SUPPLIED RECORDS -
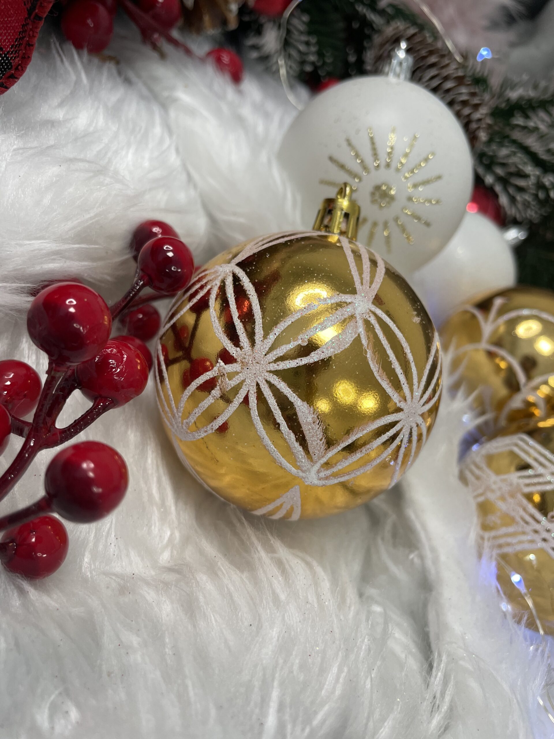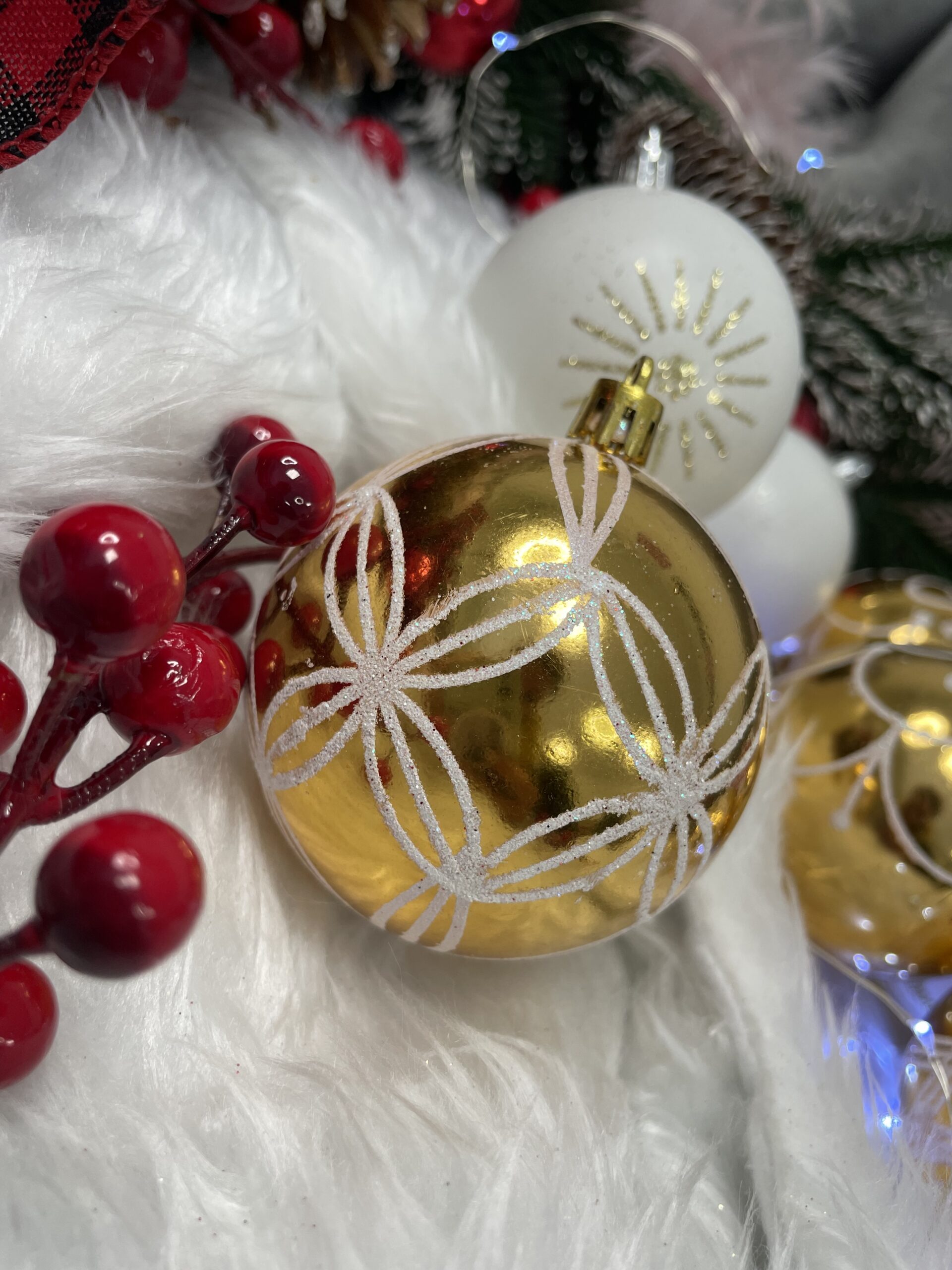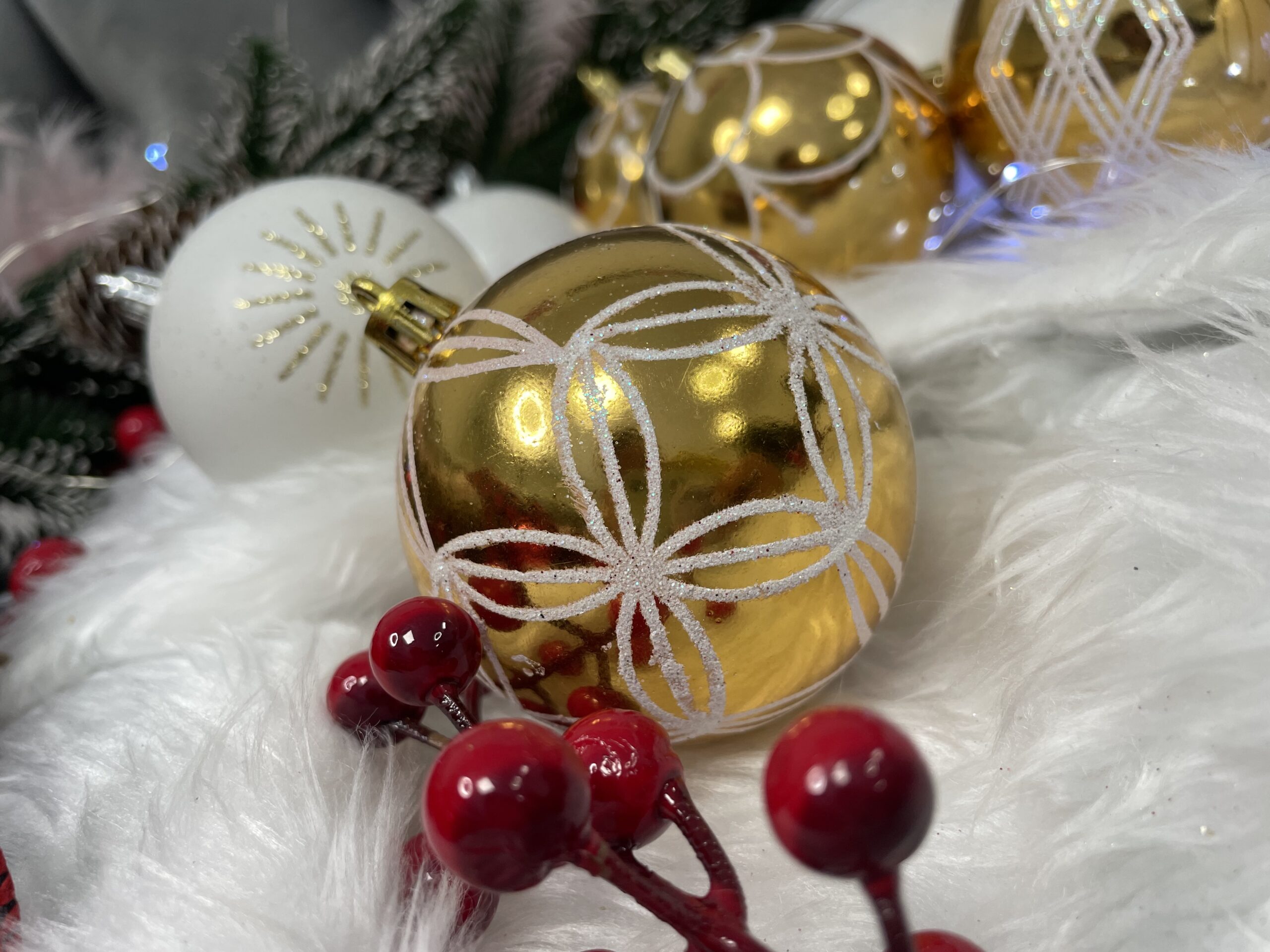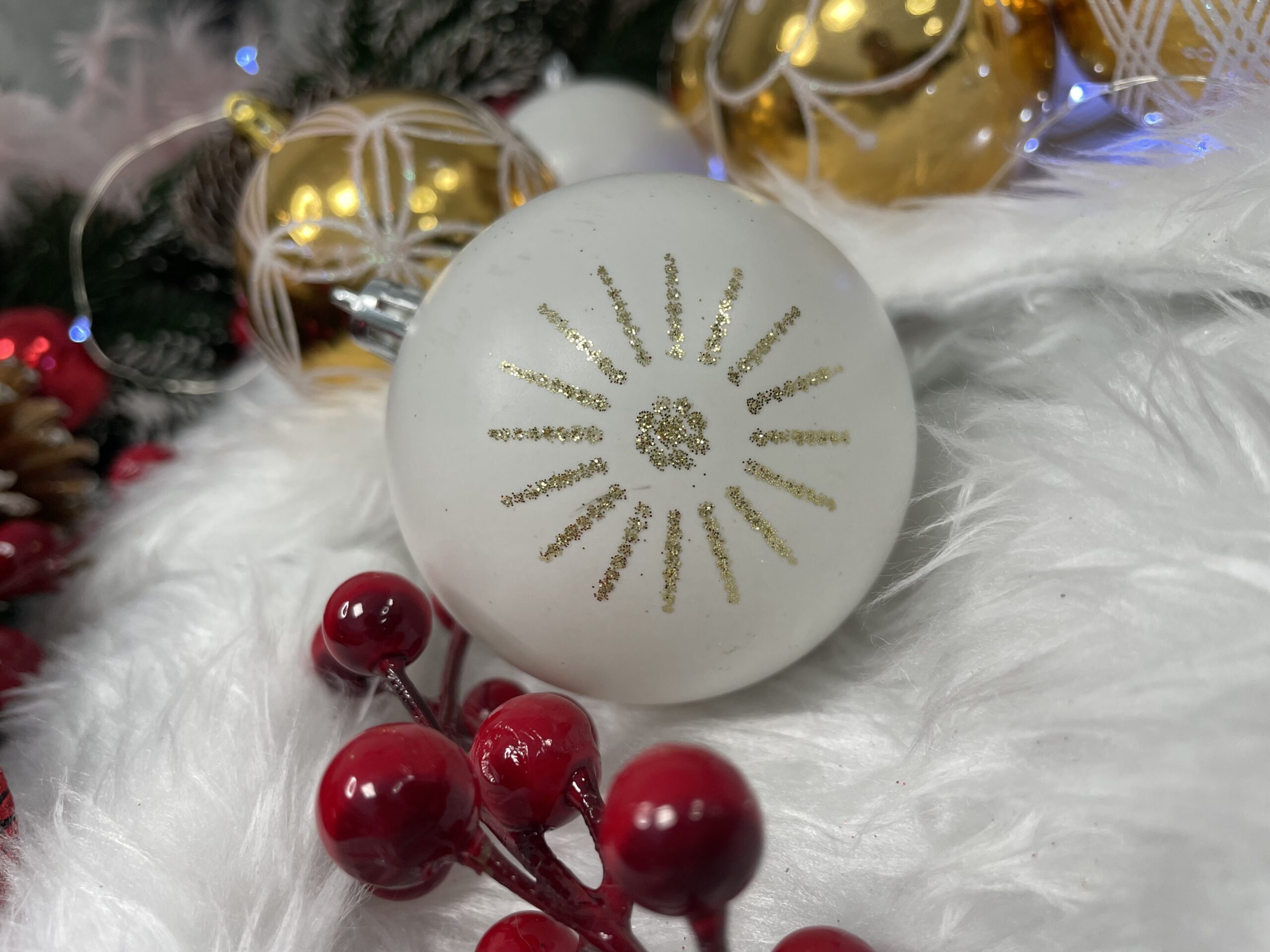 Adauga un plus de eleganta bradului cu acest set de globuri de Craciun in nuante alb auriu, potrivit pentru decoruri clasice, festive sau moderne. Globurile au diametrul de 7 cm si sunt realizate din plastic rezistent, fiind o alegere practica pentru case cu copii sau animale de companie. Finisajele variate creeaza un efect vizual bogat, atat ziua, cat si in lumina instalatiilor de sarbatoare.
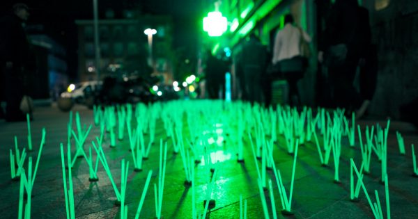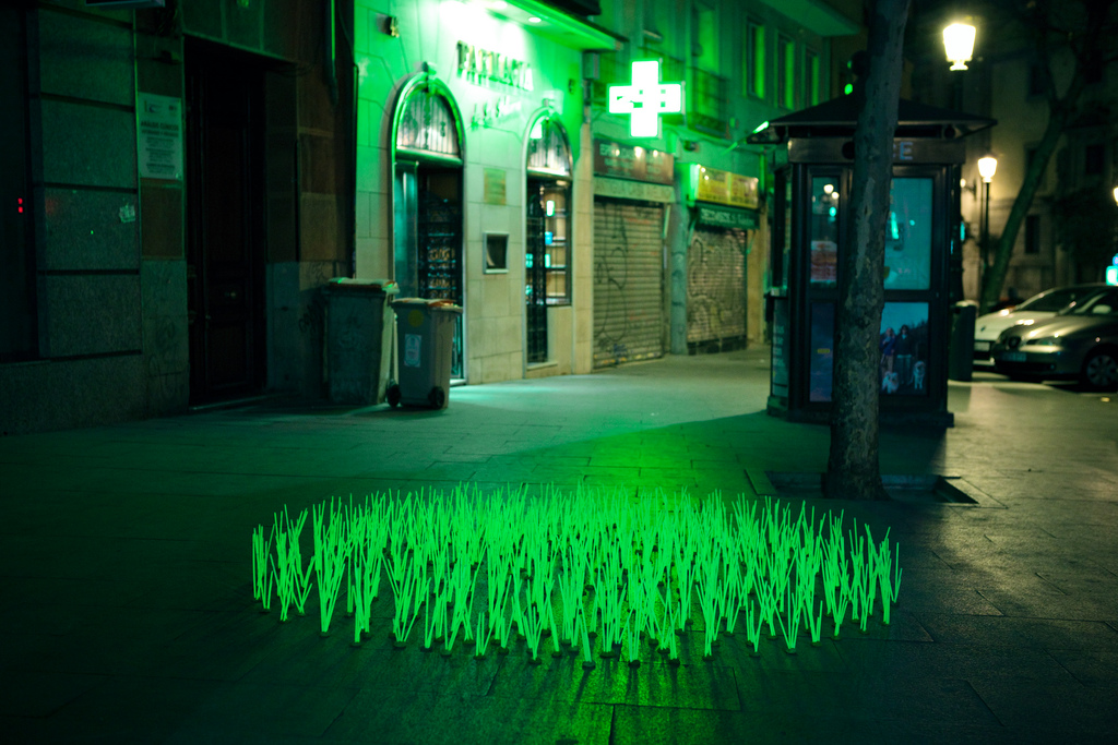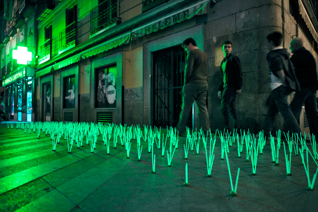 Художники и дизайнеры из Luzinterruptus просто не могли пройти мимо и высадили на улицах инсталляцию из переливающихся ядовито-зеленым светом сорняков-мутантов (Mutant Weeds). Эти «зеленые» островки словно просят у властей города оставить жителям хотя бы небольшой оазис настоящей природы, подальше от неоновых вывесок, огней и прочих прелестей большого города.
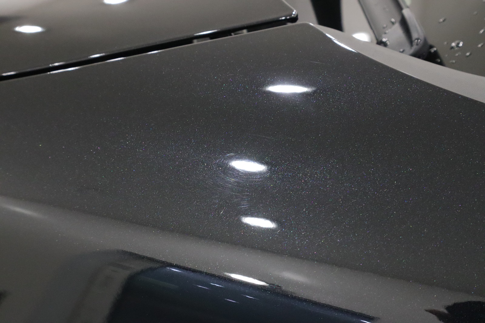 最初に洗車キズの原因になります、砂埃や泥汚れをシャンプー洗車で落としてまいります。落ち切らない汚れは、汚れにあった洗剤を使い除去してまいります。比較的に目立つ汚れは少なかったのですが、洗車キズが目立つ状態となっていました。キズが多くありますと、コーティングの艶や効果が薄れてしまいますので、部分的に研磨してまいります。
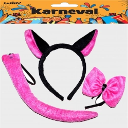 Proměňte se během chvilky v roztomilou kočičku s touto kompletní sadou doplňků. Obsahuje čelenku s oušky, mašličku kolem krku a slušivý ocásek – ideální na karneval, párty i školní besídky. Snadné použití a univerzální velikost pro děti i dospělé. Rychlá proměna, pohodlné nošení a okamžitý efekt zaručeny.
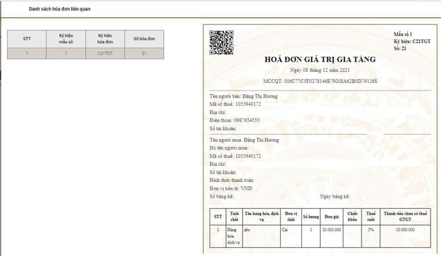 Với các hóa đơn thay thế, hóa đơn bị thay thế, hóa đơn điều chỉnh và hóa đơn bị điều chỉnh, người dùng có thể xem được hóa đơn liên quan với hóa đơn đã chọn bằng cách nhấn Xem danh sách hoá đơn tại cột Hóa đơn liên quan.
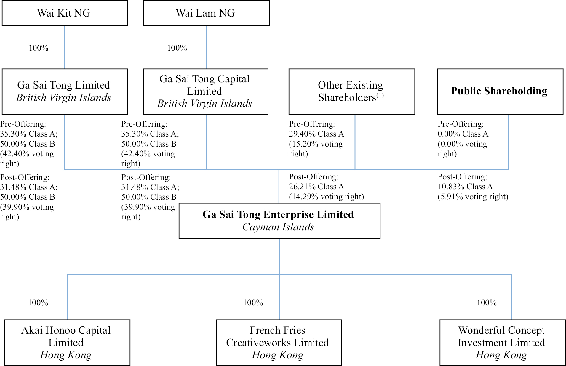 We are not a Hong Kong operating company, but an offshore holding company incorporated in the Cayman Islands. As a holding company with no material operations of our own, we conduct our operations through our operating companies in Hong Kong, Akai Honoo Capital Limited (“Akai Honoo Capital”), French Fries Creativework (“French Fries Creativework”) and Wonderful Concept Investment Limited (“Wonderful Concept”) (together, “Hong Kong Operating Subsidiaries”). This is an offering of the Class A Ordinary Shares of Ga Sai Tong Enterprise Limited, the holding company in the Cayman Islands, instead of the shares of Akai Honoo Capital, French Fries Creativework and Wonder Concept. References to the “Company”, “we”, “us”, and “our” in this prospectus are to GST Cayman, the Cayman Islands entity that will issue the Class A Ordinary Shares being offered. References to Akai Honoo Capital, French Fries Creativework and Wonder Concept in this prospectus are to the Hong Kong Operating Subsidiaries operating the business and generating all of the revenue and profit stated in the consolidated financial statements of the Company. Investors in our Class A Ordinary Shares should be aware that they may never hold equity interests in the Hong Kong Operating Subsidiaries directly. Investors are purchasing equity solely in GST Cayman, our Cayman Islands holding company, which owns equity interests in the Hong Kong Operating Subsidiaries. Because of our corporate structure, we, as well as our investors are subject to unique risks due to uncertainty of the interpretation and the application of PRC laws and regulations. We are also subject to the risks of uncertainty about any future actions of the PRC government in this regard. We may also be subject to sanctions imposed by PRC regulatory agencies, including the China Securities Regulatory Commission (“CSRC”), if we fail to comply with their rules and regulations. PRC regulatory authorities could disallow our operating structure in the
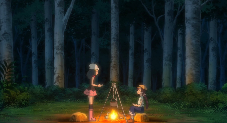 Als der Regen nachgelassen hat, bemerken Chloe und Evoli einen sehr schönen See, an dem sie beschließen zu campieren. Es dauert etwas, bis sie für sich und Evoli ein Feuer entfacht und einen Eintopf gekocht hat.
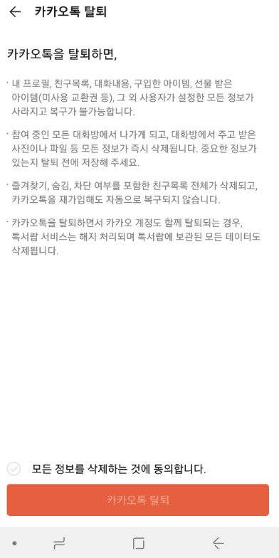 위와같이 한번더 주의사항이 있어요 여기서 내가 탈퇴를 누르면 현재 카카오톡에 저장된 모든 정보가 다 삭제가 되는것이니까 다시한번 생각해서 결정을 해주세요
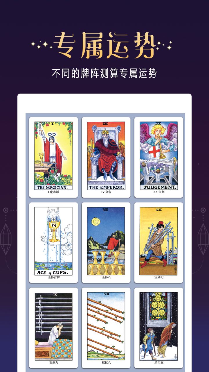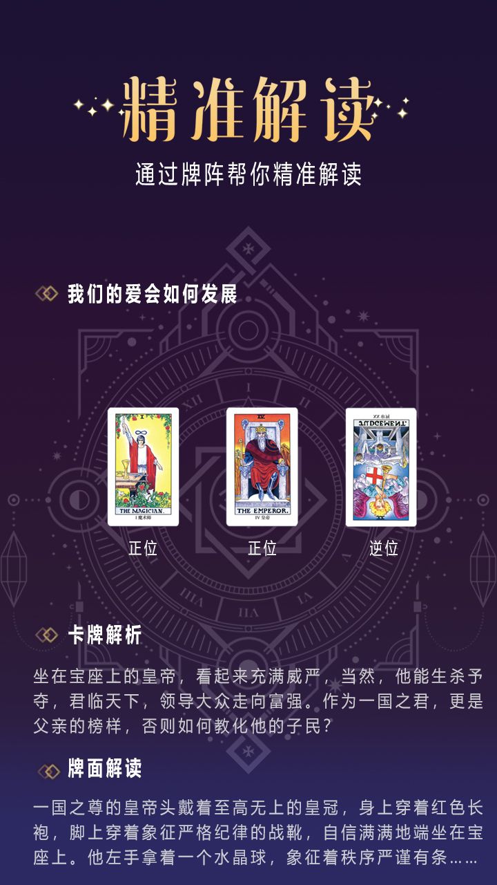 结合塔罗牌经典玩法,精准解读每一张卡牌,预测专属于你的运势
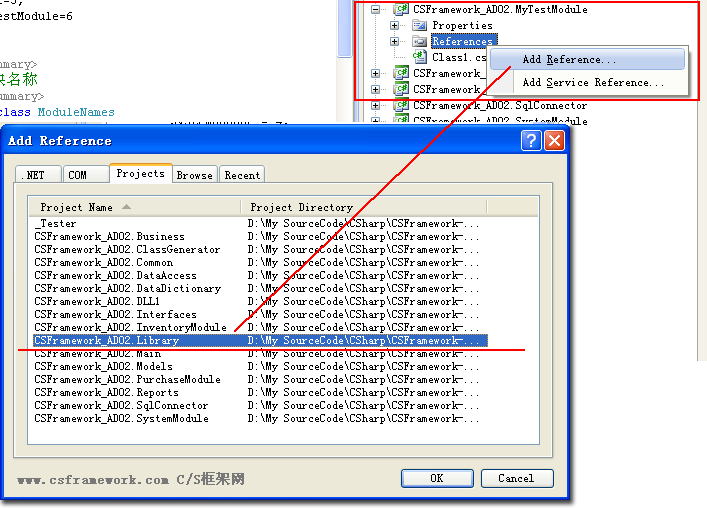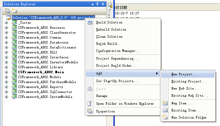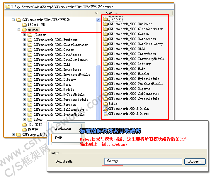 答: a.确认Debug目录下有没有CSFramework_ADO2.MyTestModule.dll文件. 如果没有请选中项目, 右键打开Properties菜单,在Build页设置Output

TO DO - Restate word for word each line from the one containing "위와같이 한번더 주의사항이" through the end of the material, pictures excluded.

EXERCISE OUTPUT -
 위와같이 한번더 주의사항이 있어요 여기서 내가 탈퇴를 누르면 현재 카카오톡에 저장된 모든 정보가 다 삭제가 되는것이니까 다시한번 생각해서 결정을 해주세요
 结合塔罗牌经典玩法,精准解读每一张卡牌,预测专属于你的运势
 答: a.确认Debug目录下有没有CSFramework_ADO2.MyTestModule.dll文件. 如果没有请选中项目, 右键打开Properties菜单,在Build页设置Output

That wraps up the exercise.